Few phrases are more misused in software, whispered in social channels, promised over the negotiating table or shouted out loud in blogs, as the words “The next release will make everything better!”
So… I won’t say that.
Qt 5.2 introduces a new renderer to the Qt Quick Scene Graph.
When we set out to do the scene graph some three years ago, one of my visions was that we would be able to really take advantage of OpenGL and have game-like performance. The renderer we have in Qt 5.0 went a long way towards that goal. For opaque content, we sort based on state and render content front-to-back to minimize GPU overdraw. In the playground/scenegraph repository, we have a different renderer which batches similar primitives together to reduce the number of draw calls (which implicitly also reduces state changes).
The new renderer in Qt 5.2 combines both of these techniques and also tries to identify non-changing parts of the scene so they can be retained on the GPU. Qt 5.2 also adds the texture atlas support which was previously located in the playground/scenegraph’s customcontext. This greatly helps batching of textured content. I think that with Qt 5.2, we are now pretty close to that goal.
A new doc article explaining the renderer in more detail has been added for the more curious, though a deep understanding of the renderer is not needed to write well-performing applications. However, I suspect many people will still find it interesting.
There are still a lot of other ideas that could be employed for those who want to have a stab at it. If you have ideas, ping “sletta” on IRC or clone and start coding.
Now some numbers:
Three of the benchmarks are available here: https://github.com/qtproject/playground-scenegraph/tree/master/benchmarks
- Extreme Table contains a large static table with some animated content on top. It shows the benefit of the GPU retention.
- List Bench shows a number of simultaneously scrolling lists with an icon, alternating background color, and two texts per cell.
- Flying Icons contains over 3000 images which are being animated with a unique animation per item.
I also included the front-page of the Qt Quick Controls gallery example and Samegame. Samegame is played in “Zen” mode while clicking to the rhythm of “Where Eagles Dare” by Iron Maiden. (I know… very scientific)
The number of OpenGL draw calls and amount of traffic is measured using apitrace, an awesome tool if you’re debugging OpenGL. As can be seen by the green numbers, we’ve managed to cut down the number of glXxx calls quite a bit, especially for the cases where we have plenty of re-occurrence, meaning lists, tables and grids.

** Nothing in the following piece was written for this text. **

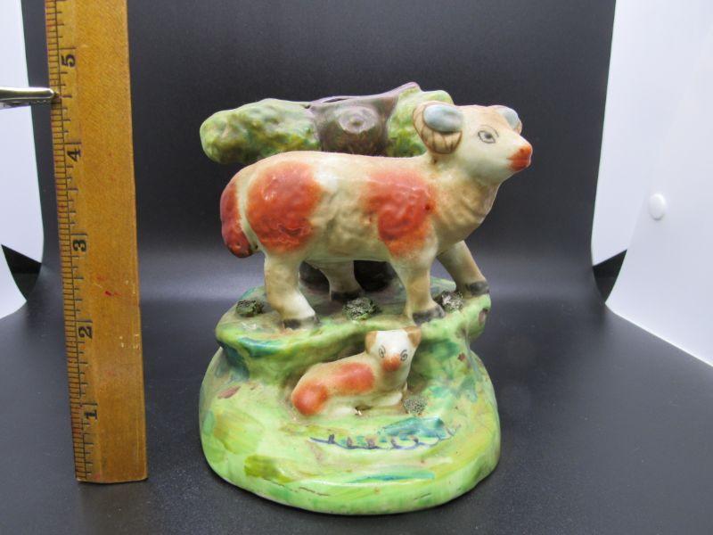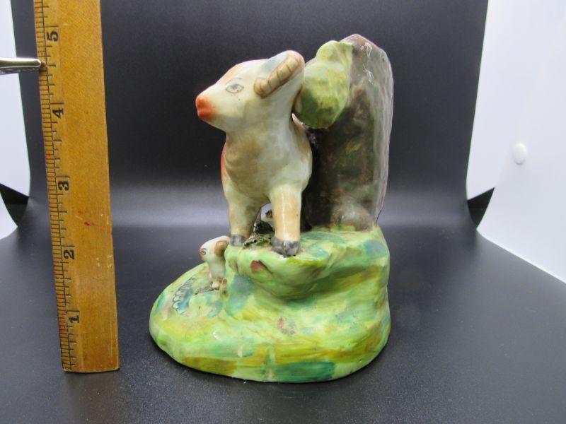 Vintage Antique Staffordshire Pearlware Bocage Ram Ewe Lamb Vase

The amount of traffic per frame is also significantly improved. The best examples are the “ExtremeTable” and “ListBench” which are sampled at a frame where no new delegates were being added or removed. I’m quite happy that the “ListBench” comes out as a zero-transfer frame. There is of course some traffic, the draw calls themselves and a couple of uniforms; but no vertex data and no texture data, which is what the tool measures. “FlyingIcons” changes the entire scene every frame so nothing can be retained, so minimal difference is expected. Controls Gallery is mostly static, but has an animated progress bar which needs a new texture every frame. This is the majority of the 20+kb transfer. Samegame comes out pretty high, primarily because of its extensive use of particle systems. A lesson learned is that if you are on a tiny memory bus, limit your particles.

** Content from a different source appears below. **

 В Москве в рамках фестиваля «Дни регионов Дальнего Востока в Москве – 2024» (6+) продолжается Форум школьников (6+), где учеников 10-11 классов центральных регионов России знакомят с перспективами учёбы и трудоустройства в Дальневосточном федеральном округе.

These are theoretical numbers, but they give a good idea that the new renderer is on the right track. Let us look at numbers from running on hardware. I’ve created tables out of the cases where the new renderer had the most impact. The full table of numbers is at the very bottom.
Note, these benchmarks are run without the new V4-based QML engine. This is because the V4 engine also affects the results and I wanted to focus on rendering only.
The rendering time is measured with vsync enabled, but excluding the swap. So when we see that the MacBook spends 16ms rendering, it is actually being throttled while we are issuing OpenGL commands. When Iooked at this in Mac OS X’s Instruments, I saw that the driver was spending a lot of time in synchronous waiting, aka we have stalling in the pipeline. With the Qt 5.2 rendering, the synchronous waiting while drawing is gone. This is good news, as lists and list-like content is quite common in UIs.
In both the MacBook with Integrated chip and on the Nexus, the new renderer drastically reduces the time spent issuing OpenGL commands. It should also be said that the only reason the render times for the “ExtremeTable” did not go all the way to 0 is because of https://bugreports.qt-project.org/browse/QTBUG-32997
“FlyingIcons” high CPU load is mostly primarily due to it running 3000+ animations in parallel, but as we can see from the time spent in the renderer, that there is still significant improvement.
Here are the rest of the numbers:
So this matches up pretty well with the theoretical results at the beginning. For reoccurring content, such as lists and grids, Qt 5.2 is quite an improvement over Qt 5.1. For those use cases we didn’t radically improve, we at least didn’t make them any worse.